It was 2am when a rocket launcher sent a grenade slamming into the front gate of Hafizullah Shahbaz Khiel’s walled compound. Screeching children and women ran into a small underground room. US and Afghan soldiers shouted: “Get over here, get over here. On the floor, heads down.”
Hafizullah, a former Guantanamo prisoner, knew not to resist. And so, his family says, he was wrongly taken into custody by the US — for the second time.
Hafizullah’s story shows just how difficult it is for the US to determine who is guilty and who is not in Afghanistan, where corruption rules and grudges are held for years, if not decades. It is a conundrum that the US faces as it prepares to close Guantanamo and empty it of the 245 prisoners still there.
The first time Hafizullah was seized, in 2002, he spent five years at Guantanamo. In legal documents, the US cites a source saying he helped al-Qaeda and planned to kill a government official.
But Hafizullah says he was turned in by a corrupt police chief as revenge and the Afghan government cleared him of all charges in December 2007.
Less than a year later, in September, the US raided his home.
This time he was accused of treating sick Taliban as a pharmacist.
Afghan officials have signed documents attesting to his innocence, but he is still in custody at Bagram Air Base, along with about 600 other prisoners.
Some Afghans claim the US is far too quick to arrest people without understanding the complexities of the culture.
“We are fed up,” said Ishaq Gailani, a member of Afghan President Hamid Karzai’s government. “Bagram is full of these people who are wrongly accused. They arrest everyone — a 15-year-old boy and a 61-year-old man. They arrest them because they run away from their helicopters … I would run away too if I saw them. They don’t know who is the terrorist and who is not.”
Hafizullah was a village elder and a father of seven, from a family that goes back to generals and brigadiers in the army of Afghanistan’s King Amanullah Khan at the turn of the 20th century.
In 1998 he languished in a Taliban jail for several months, beaten and accused of opposing the Taliban. Fearful of the religious militia, he relocated his pharmacy to his home. People in his rural district of Zormat called him doctor and came to him for treatment.
In the heady days that followed the Taliban’s collapse in December 2001, Hafizullah was appointed a sub-governor. He was named to a province-wide Shura, or council, designed to unite government supporters and neutralize the Taliban and hostile warlords.
“I know Hafizullah very well. I appointed him to the Shura,” said Raz Mohammed Dilili, governor of eastern Paktia Province at the time. “He was respected by the people of his district of Zormat.”
The council decided that anyone found opposing the government would have their homes burned down and would be fined about US$50,000.
It also invited those who had been with the Taliban to come to the government or pay a fine of about US$20,000.
Hafizullah was tasked with keeping law and order in Zormat.
That’s where he ran afoul of Police Chief Abdullah Mujahed.
Dilili described Abdullah as a scoundrel who would have his men fire rockets at US forces, then blame his enemies and turn them over to the Americans. Abdullah and Hafizullah already had a history of enmity after serving in different mujahidin or warrior groups in the 1980s.
In 2002, Hafizullah traced a robbery of nearly US$3,000 to Abdullah and his men, according to Dilili as well as family members. The cars involved in the robbery were parked in the police chief’s compound, he found. He confronted Abdullah.
The next day, US forces picked him up as a suspected Taliban.

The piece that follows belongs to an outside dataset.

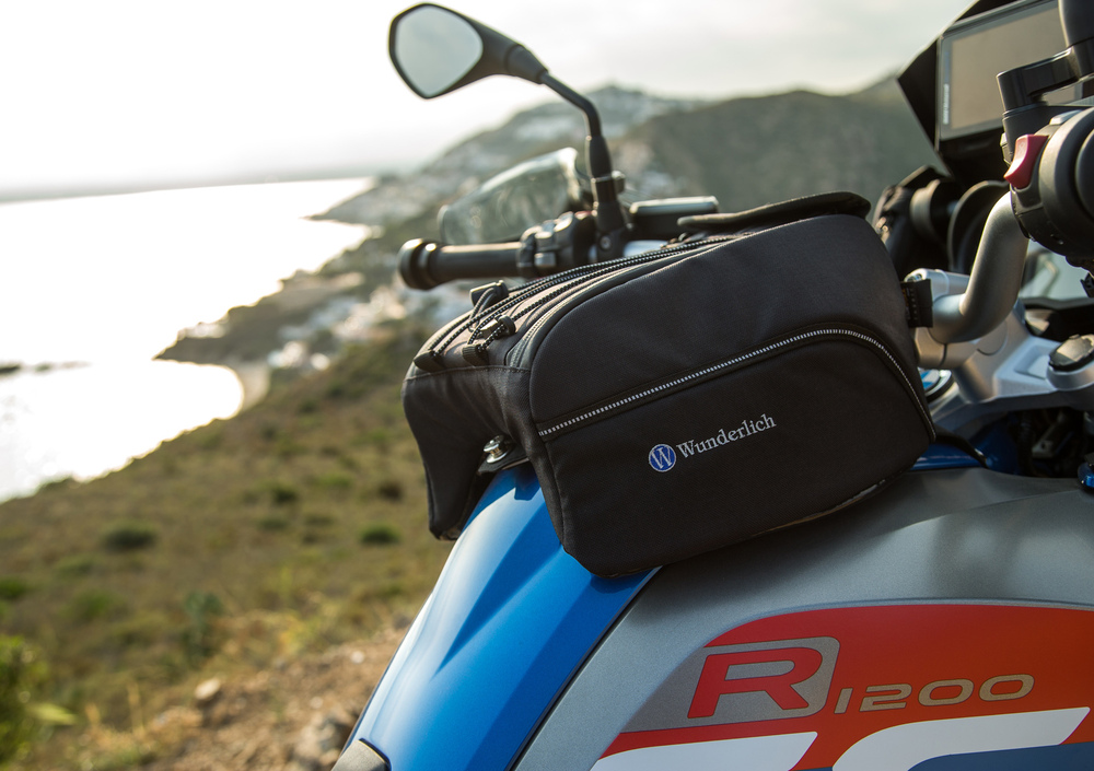La borsa Wunderlich ha una capienza di10 litri, non intererisce con la visibilità della strumentazione e non intralcia i movimenti del guidatore.

Legal documents from the US Department of Defense cite several accusations against Hafizullah from an unnamed source — among others, that he led 12 Taliban and al-Qaeda men and planned to attack the Afghan government, and that he doubled the salary of anyone who killed an American.

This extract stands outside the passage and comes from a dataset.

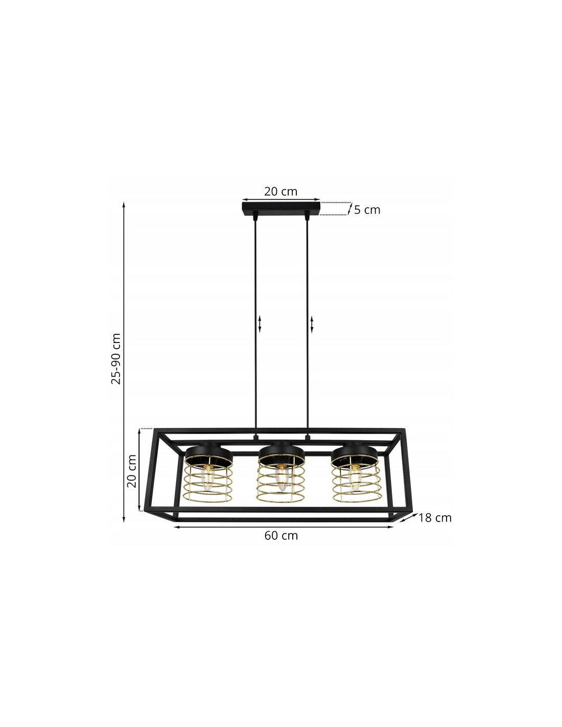 Lampa wisząca metalowa loft RASTI CAGE to unikalna propozycja dla osób ceniących sobie elegancję połączoną z surowym stylem przemysłowym. Jej czarna konstrukcja doskonale współgra z złotym kloszem, co nadaje jej wyjątkowy i nowoczesny wygląd. Wprowadzenie takiego elementu do wnętrza z pewnością zwróci uwagę gości, stając się centralnym punktem w każdym pomieszczeniu.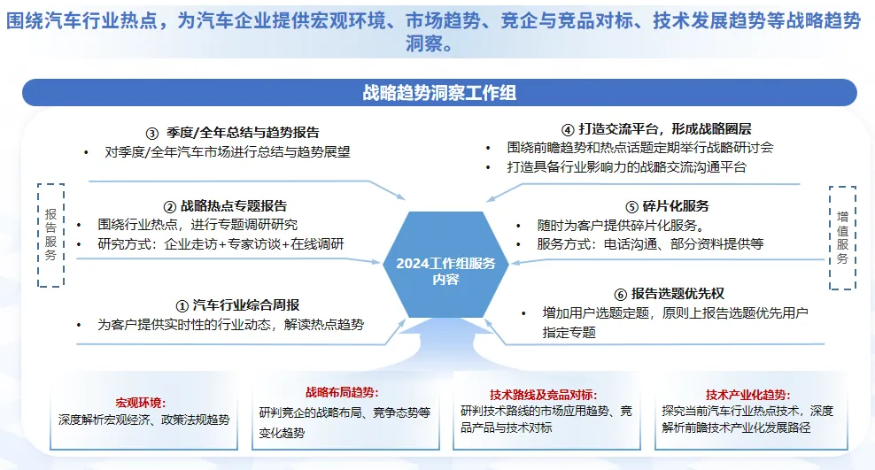 中汽信科战略研究工作组致力于对汽车产业外部环境进行洞察,研究领域包括政策、市场、产品、技术等方面,主要面向企业的战略相关部门,提供周期性报告、战略研讨会、顾问式服务及报告全文检索系统等内容,搭建汽车行业战略规划的“朋友圈”,解决企业常态化的、临时性、突发性对汽车产业外部环境监测的需求。

The documents further state that Hafizullah’s telephone number and name were associated with a Taliban cell, and that his brother had a car dealership in Zormat where he kept weapons.

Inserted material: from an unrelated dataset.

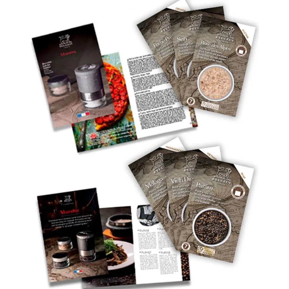 Om de ontdekking van smaken optimaal te beginnen, heeft Peugeot voor deze doos 3 uitzonderlijke pepers geselecteerd (een zwarte peper uit Brazilië, een vanille-witte peper uit Madagaskar en een wilde bes uit Vietnam met citrusaroma’s) en 3 zouten van verschillende oorsprong (Andes roze zout, gerookt zout uit Kroatië en een aromatische zoutmix – tomaten en gedroogde paprika’s, venkelzaad en tijm).

Zormat elders, leading clerics, the provincial governor, the National Reconciliation Bureau and two members of parliament have signed documents attesting to Hafizullah’s innocence. Armed with the documents, Hafizullah’s brothers and young nephews are trying to get him released.
So far, they have had no luck, said Rafiullah Khiel, an English-speaking nephew who works in the finance ministry.
“No one is listening to our voice,” he said.